A stop loss is a tool that allows you to protect your trades from unexpected market movements by letting you set a predefined price at which your trade will automatically close. Therefore, if you enter a position in the market in the hope the asset will increase in value, and it actually decreases, when the asset hits your stop loss price, the trade will close to prevent further losses.

It is important to note, however, that stop losses are not a guarantee. There are occasions where the market behaves erratically and presents price gaps. If this happens, the stop loss will not be executed at the predetermined level but will be activated the next time the price reaches this level. This phenomenon is called slippage.

A good rule of thumb is to set your stop loss at a level that means you will lose no more than 2% of your trading balance for any given trade.

Once you have set your stop loss, you should never increase the loss margin. There's no point in having a safety net in place if you aren't going to use it properly.

There are different types of stops in Forex. How you place your stop loss will depend on your personality and experience. Common types of stops include:

Equity stop
Volatility stop
Chart stop (technical analysis)
Margin stop
If you find you are always losing with a stop-loss, analyse your stops and see how many of them were actually useful.
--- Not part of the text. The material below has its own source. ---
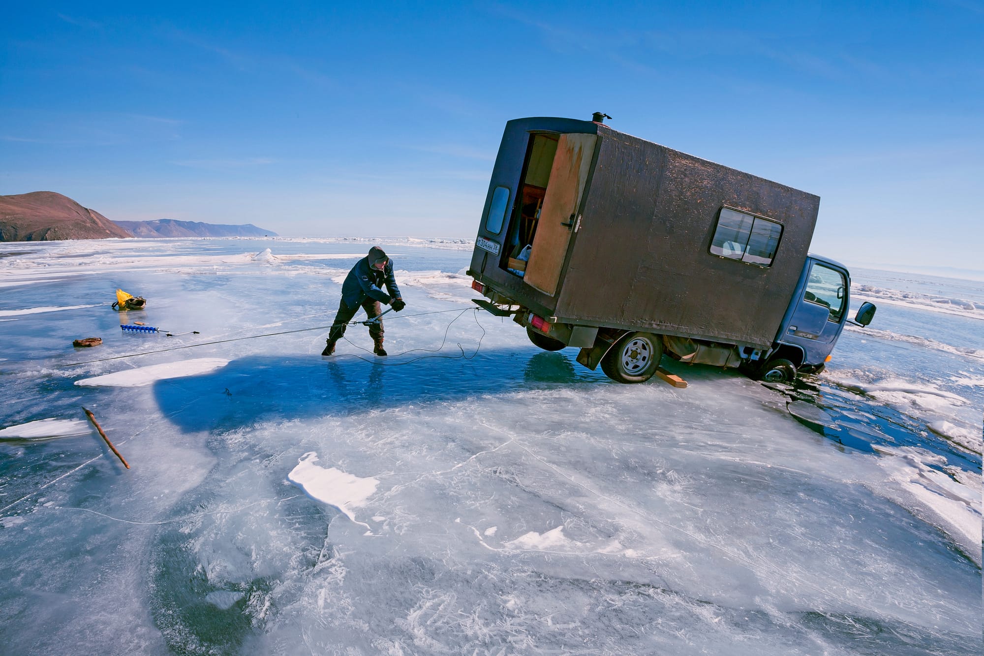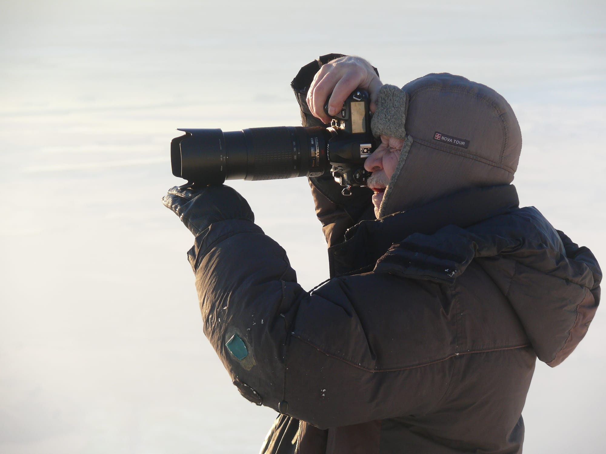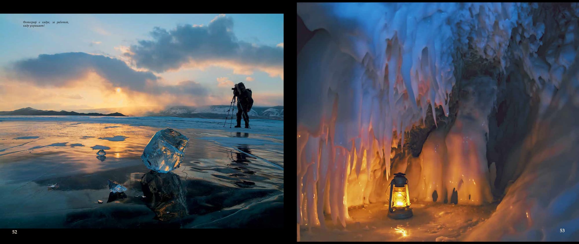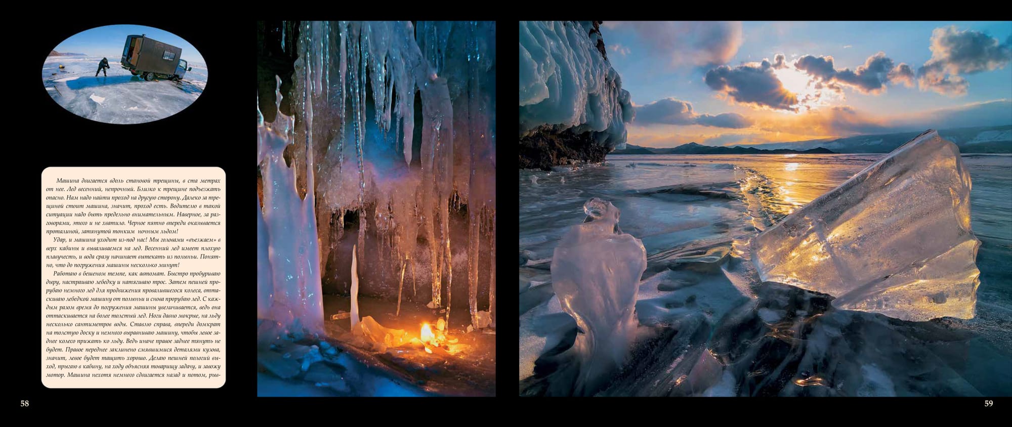 Уже полчаса стою у первого намеченного места съемки. Аппарат, завернутый в пакет, находится под пуховиком, который перетянут в поясе ремнем. Он в тепле, а плотный пакет защищает от испарений. Так можно работать весь день при любом морозе. На фотоаппарате стоит широкоугольник, включен ручной режим и точечный экспозамер.Солнце едва угадывается сквозь плотный туман, который уже начинает отрываться от поверхности. И, наконец-то, багровый диск пробивается. Делаю экспозамер по диску солнца и снимаю первый кадр. В котором главное - ближний план и солнце. Все, что находится на дальнем плане, уменьшилось в несколько раз и не соответствует действительности.Но в нашем случае это не так важно, ведь это художествен ный снимок. Широкоугольник - объектив ближнего плана. Фотоаппарат быстро в пакет, под пуховик. Руки в кожаных перчатках за несколько минут съемки уже замерзли. Поэто му сверху надеваю большие меховые рукавицы и бегом ко вто рому месту съемки. Бегу быстро, на пределе своих сил.Это тот случай, когда ноги фотографа действительно кормят. Передвижение по крутому склону и снегу хорошо согревает. Солнце быстро меняет свой цвет, туман уходит, и я перехожу на стандартный обьектив и телевик. Они лежали в кофре тоже в тепле. Рядом с ними, вместо фотоаппарата, на ходилась литровая емкость с кипятком, завернутая в пакетПосле того, как солнце поднялось и стало полуденным, появилась возможность сделать перерыв на полтора часа. Хватит, чтобы добраться до машины, пообедать, снова налить кипя ток в грелку и немного подогреть в тепле аппаратуру. Потом бегом назад, чтобы отснять все на закате солнца. Кстати, сделанные ранее кадры, отснятые снова, выглядят по-другому.Съемку в закатных лучах солнца можно делать уже не торопясь. Стало теплее и все, задуманное ранее, уже выполнено. Те перь можно спокойно ходить и искать что-нибудь неожиданное, сверх плана. Это самая приятная часть работы фотографа. Поверхность Байкала уже почти вся закрыта льдом, и только в нескольких местах, над которыми висят небольшие скопления пара, еще не замерзла. Нужна еще одна морозная ночь. После этого туманы над Байкалом не будут образовываться каждую ночь и деревья потеряют свое зимнее убранство. На этот раз все сложилось очень удачно! После целого дня, проведенного на склонах горы, ноги уже сильно устали. Эту ночь надо переночевать здесь, на горе, а утром спокойно ехать домой. В машине еще раз продумываю , что делать дальше. Ведь завтра можно сходить на другие вершины, если погода так балует. Я еще готовился ложиться спать, как машину еле заметно качнуло. Может быть показалось? Но с деревьев падает иней! Сижу тихо и прислушиваюсь. Порывы ветра с запада, после захода солнца, могут означать только одно - усиление ветра до штормовой силы! В некоторых частях дороги образуются грандиозные заносы и потом только трактор на гус. ходу может вытащить меня отсюда! Срочно настраиваю обогрев двигателя и, пока он прогревается,Машина двигается вдоль становой трещины, в ста метрах от нее. Лед весенний, непрочный. Близко к трещине подъезжать опасно. Нам надо найти проход на другую сторону. Далеко за трещиной стоит машина, значит, проход есть. Водителю в такой ситуации надо быть предельно внимательным. Наверное, за раз говорами, этого и не хватило. Черное пятно впереди оказывается проталиной, затянутой то

It might simply be time to adjust your levels to get better trading results.



Additionally, a protective stop can help you lock in profits before the market turns. For example, once you have opened a position and have a floating profit of $500, you can move your stop loss closer to the current price, so that if it was hit, your trade would close with some of your profit still intact. If the trade keeps going your way, you can continue trailing the stop after the price. One automated way to do this is with trailing stops.

3) Use a Take Profit to Secure Your Profits
A take profit is a very similar tool to a stop loss, however, as the name suggests, it has the opposite purpose. Whilst a stop loss is designed to automatically close trades to prevent further losses, a take profit is designed to automatically close trades once they hit a certain profit level.

By having clear expectations for each trade, not only can you set a profit target, and, therefore, a take profit, but you can also decide what an appropriate level of risk is for the trade. Most traders would aim for at least a 2:1 reward-to-risk ratio, where the expected reward is twice the risk they are willing to take on a trade.

Therefore, if you set your take profit at 40 pips above your entry price, your stop loss would be set 20 pips below the entry price (i.e. half the distance).

In short, think about what levels you are aiming for on the upside, and what level of loss is sensible to withstand on the downside. Doing so will help you to maintain your discipline in the heat of the trade. It will also encourage you to think in terms of risk versus reward.